__WORK INSTRUCTIONS__. Copy out the lines of the records below, and only those lines, from the one with "- ---] / [Gordiano]" through the one with "Un porte - clé", exactly as they appear.

__MATERIAL SHOWN__.
* * * *

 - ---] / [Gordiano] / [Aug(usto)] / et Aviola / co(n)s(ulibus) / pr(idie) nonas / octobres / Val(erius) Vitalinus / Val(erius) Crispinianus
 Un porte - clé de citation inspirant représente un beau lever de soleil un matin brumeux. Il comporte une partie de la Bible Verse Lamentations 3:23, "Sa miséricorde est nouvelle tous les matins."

* * * *

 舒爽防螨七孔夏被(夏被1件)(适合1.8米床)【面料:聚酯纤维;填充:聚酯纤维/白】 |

* * * *

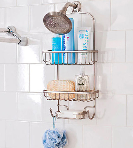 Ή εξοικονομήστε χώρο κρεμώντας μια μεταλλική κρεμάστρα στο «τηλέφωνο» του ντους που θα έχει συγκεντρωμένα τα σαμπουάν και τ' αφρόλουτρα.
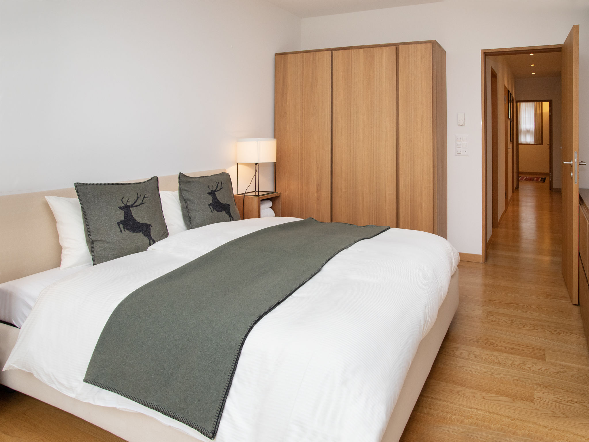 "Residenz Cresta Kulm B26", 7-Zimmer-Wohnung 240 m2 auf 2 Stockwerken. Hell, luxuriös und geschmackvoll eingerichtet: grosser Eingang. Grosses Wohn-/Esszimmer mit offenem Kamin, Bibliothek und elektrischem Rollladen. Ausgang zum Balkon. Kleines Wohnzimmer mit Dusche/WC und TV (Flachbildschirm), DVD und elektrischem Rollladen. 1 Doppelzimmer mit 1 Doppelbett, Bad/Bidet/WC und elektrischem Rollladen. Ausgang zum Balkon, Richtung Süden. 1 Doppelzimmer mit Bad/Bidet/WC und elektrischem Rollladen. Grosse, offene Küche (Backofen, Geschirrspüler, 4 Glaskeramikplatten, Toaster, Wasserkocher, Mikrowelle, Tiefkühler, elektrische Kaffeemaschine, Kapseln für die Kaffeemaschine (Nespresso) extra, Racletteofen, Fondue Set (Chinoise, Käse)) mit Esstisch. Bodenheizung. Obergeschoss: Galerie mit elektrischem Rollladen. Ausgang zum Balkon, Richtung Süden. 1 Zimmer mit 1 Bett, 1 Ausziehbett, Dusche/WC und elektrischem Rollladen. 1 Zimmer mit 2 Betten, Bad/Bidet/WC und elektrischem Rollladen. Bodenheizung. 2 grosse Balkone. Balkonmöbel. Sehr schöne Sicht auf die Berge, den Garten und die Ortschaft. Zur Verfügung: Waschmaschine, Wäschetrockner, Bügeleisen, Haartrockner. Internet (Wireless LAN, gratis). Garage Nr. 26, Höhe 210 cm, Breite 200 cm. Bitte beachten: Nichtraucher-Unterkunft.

* * * *

__EXERCISE RESULT__.
 - ---] / [Gordiano] / [Aug(usto)] / et Aviola / co(n)s(ulibus) / pr(idie) nonas / octobres / Val(erius) Vitalinus / Val(erius) Crispinianus
 Un porte - clé de citation inspirant représente un beau lever de soleil un matin brumeux. Il comporte une partie de la Bible Verse Lamentations 3:23, "Sa miséricorde est nouvelle tous les matins."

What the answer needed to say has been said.